Вожак всадников между тем не торопясь отстегнул от пояса кожаную суму и как бы брезгливо протянул ее старейшине, принимая скудную дань. Сборщики, присланные конисом Кондара?.. – задумался Волкодав. Ой, непохоже. Скорее уж чья-нибудь шайка. Из тех, что предпочитают не грабить местный люд напрямую, а вынуждают платить как бы за охрану от чьих-то возможных набегов…
До сих пор Волкодав полагал, что этим промышляли только островные сегваны, чьи морские дружины издавна наводили страх на жителей побережий.
Один из приспешников вожака, кудрявый, черноволосый молодой малый, вдруг стремительным движением выхватил из налучи снаряженный к стрельбе лук: никто и ахнуть не успел, как свистнула над головами стрела. В двух десятках шагов взвился над травяной крышей землянки пестрый рябой пух. Курица, пригвожденная меткой стрелой, беспомощно трепыхнулась и свесила головку, разинув окровавленный клюв.
– Оп-па!.. – довольный выстрелом, расхохотался юноша. И обратился к стоявшей поблизости молодой женщине: – Ты! Сходи принеси!..
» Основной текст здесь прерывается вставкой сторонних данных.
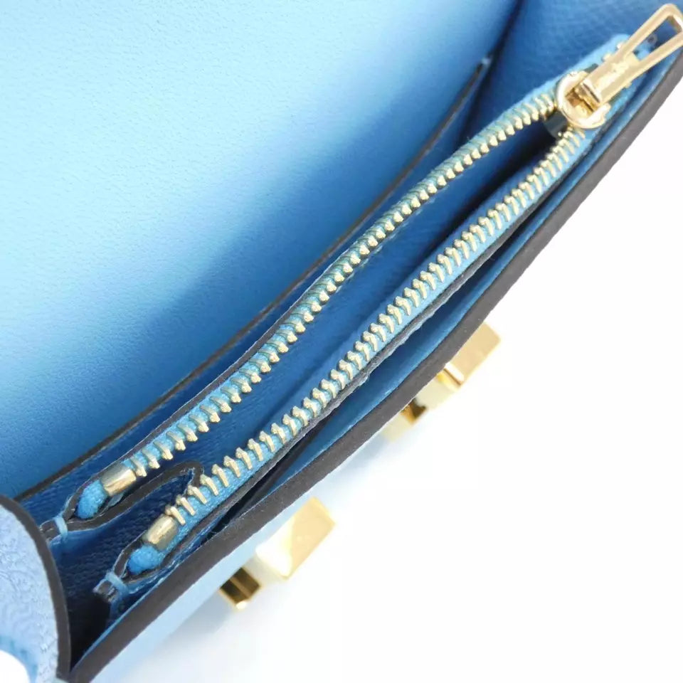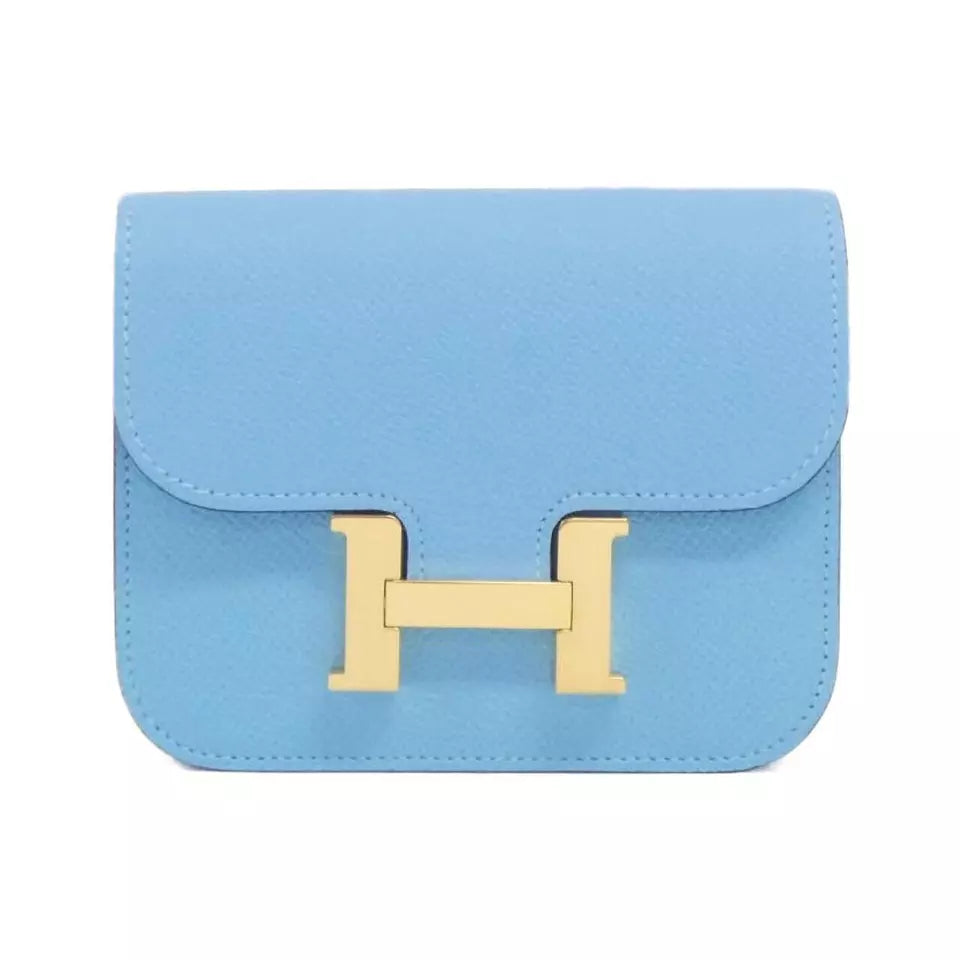 This authentic Hermes Constance Slim Wallet in Celeste with Palladium hardware is a luxurious and stylish accessory. Made from Epson leather, this unisex wallet is compact and practical, featuring two inside pockets and a coin case. Despite being a pre-owned item, it is in mint condition with minimal signs of wear such as partial rubbing, blackening, small scratches, and minor discoloration. Comes with the original dust bag and box.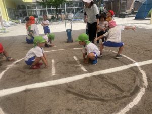 園庭の真ん中には、子どもたちからのリクエストで、土俵も完成していました‼

Волкодав про себя выругался. Мало ли что в жизни бывает, особенно в такой беззаконной стране, как этот Нарлак. Но уж женщин с ребятишками могли бы спрятать подальше. Знали ведь – приедут, да такие все добры молодцы, что как бы не начали безобразничать. Нет уж. Подобные дела – они все-таки для мужчин. Женщинам про них не потребно даже и знать…
Молодуха тем временем пугливо взбежала на крышу, не без труда раскачала и вытащила глубоко воткнувшуюся стрелу (.Боевую, бронебойную… ишь ты! – сказал себе венн). Потом вернулась и протянула добычу стрелку, робея и стараясь держаться от него как можно дальше. Парень, широко улыбаясь, спрыгнул наземь, поймал женщину за запястье, притянул к себе и смачно поцеловал в губы. Не умея вырваться, она забилась в его руках точно как та несчастная пеструшка. Забытая курица шмякнулась наземь, широкая ладонь нашарила мягкую женскую грудь, горсть алчно сжалась… Волкодав заметил краем глаза, как дернулся матерый с виду старший сын предводителя… Аетмал?.. жена небось!.. – но в лицо мужику вмиг нацелились два длинных копья, и он, багровея, замер на месте. Вожак всадников и подручные от души веселились, наслаждаясь собственной властью.
– Отпустил бы женщину, парень, – по-нарлакски сказал Волкодав. – Ты ей не в радость.
К нему разом повернулись три головы в клепаных шлемах. Скосил глаза даже тот, что держал плачущую молодуху. Деревенские тоже оглянулись, пораженные неожиданным вмешательством. Всадники действительно наезжали сюда отнюдь не впервой. И временами развлекались еще веселее теперешнего. Но ни разу не получали отпора. При виде воина в кольчуге земледелец робеет. У него все же сидит глубоко внутри запрет на убийство, он знает: отнятие жизни противно Богам, творящим урожай и приплод. Те, что приезжали, такой запрет в себе изжили давным-давно, если когда и был. И это некоторым образом чувствовалось в каждом их движении, в каждом слове. Умирать раньше времени никому не хотелось. Лучше уж потерпеть.